I had an interesting situation yesterday. Opened the garage door, remote started my '98 Altima, when back in the house to grab a few things, went back out to the garage and saw billows of smoke coming from the car. I immediately turned the car off by the remote, and opened the hood to check it out. Luckily I had a gallon of windshield washer fluid handy to douse the fire out. The fire was coming from inside the alternator.

I disconnected the cables at the alternator and started the car after a few hours of letting it cool off. The alternator made a huge racket. I removed it and replaced the alternator with a rebuilt unit with a lifetime warranty from AutoZone.

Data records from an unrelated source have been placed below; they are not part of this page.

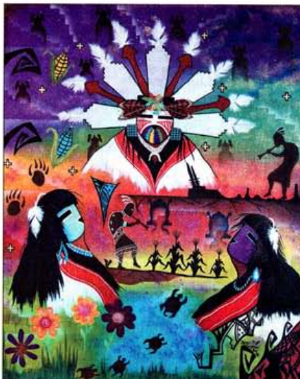
FOUR SEASONS RESORT SCOTTSDALE AT TROON NORTH

The American West means different things to different people, says Keyes, even among the artists featured in the collection.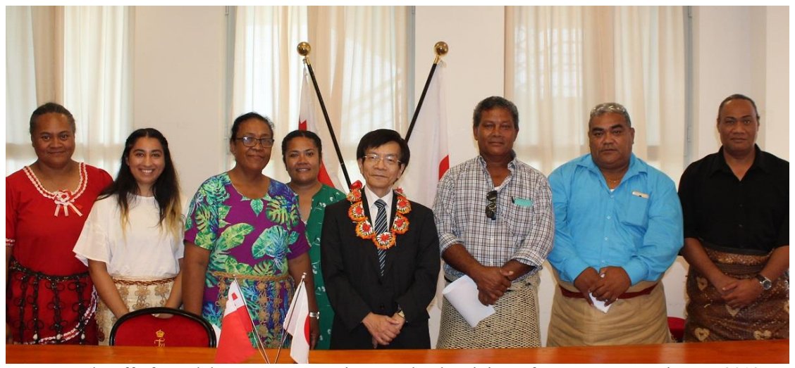
PTA and staff of Ha'alalo Government Primary School recipient of Japan's GGP assistance 2019.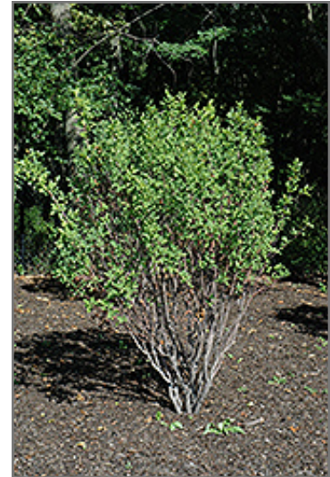
Rainbow Pillar Serviceberry

Rainbow Pillar Serviceberry is recommended for the following landscape applications;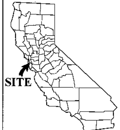
Exhibit B W 26979 CITY OF FOSTER CITY APN 097-080-030 GENERAL LEASE - DREDGING SAN MATEO COUNTY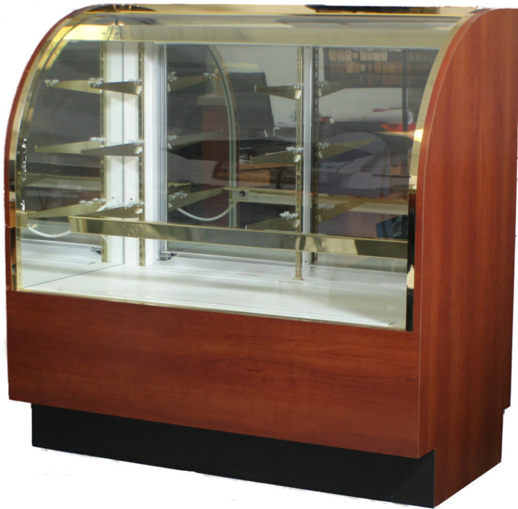
Curved Front Candy Merchandiser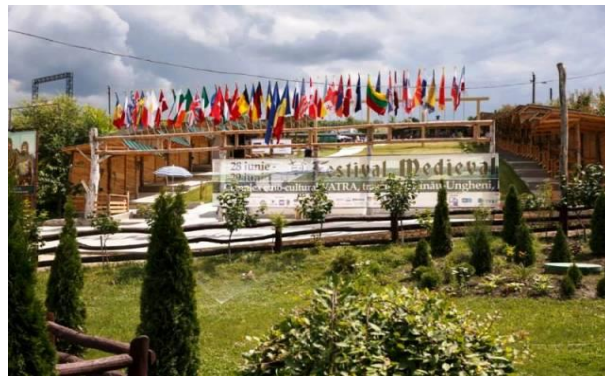
Ethno –Cultural Complex ”VATRA”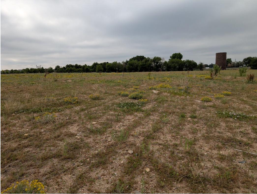
Photo 3: Looking south across the adjacent parcel in the area of the former access road.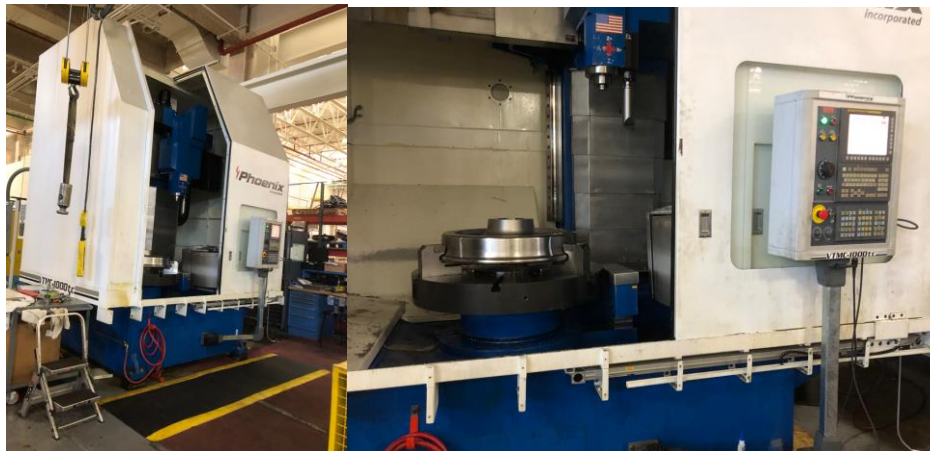
Fig 3 and 4 The Phoenix wheel boring machine at Dulles (not operational at the time of this inspection)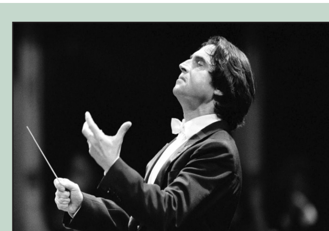
And the winner is.... Riccardo Muti and the Vienna Philharmonic!

"Suzanne Danco is probably my favorite Donna Anna, because she really brings out the crazy in the character."

The battery is 14 months old. I purchased it at the dealer. It's an OEM Nissan 84-month battery. I did a voltage test on it last night, and it was sitting at 11.5V. With the new alternator installed and everything connected, I started the car, and let it idle. I tested the battery voltage again, it was only at 12.5V. Shouldn't it be at 14.4V or so while charging with the engine running? The light does go out on the dash, however...

I'm going to put the battery on a charger today and see if I can't get it to at least 12v standby voltage. Then I'll try the car again and see if it'll bring it to 14V or so. Maybe the battery is defective, which caused the alternator to overhead, causing the fire?

Any ideas?

Nick


----------



## rogoman (Dec 16, 2004)

The voltage across the battery should be around 13 - 14.5 with the engine idling. 
- The battery could be bad or maybe it needs a full charge..
- The replacement alternator could be bad.
- Check the 10 A fuse and the 100 A fusible link.
- The wires could be damaged from the overheating.

With the ignition switch in the ON or START position without the engine running, the Charge Warning light should be on. If not on, the light may be burned out or there is a wiring problem.


----------



## NTL1991 (Sep 8, 2005)

The charge warning light is on with the key on, engine off. As soon as the engine starts, the light extinguishes.

The wiring has all been checked and is fine. I have not checked the fuse and fusible link, however.

I'm going to check the water level in the battery and do a full slow charge on the battery tonight. I have another known good battery as well, which I'll charge and hook up as well and measure the alternator output.


----------



## NTL1991 (Sep 8, 2005)

Turns out my DMV was reading ~3V too low. I used another I had and after charging the battery and letting it sit for a couple hours, it's reading 12.5V. With the car idling, defroster, fans, lights on, it's putting out 14.4V.

Perfect! I guess it turns out the alternator was just shot.

Thanks for all the help.


----------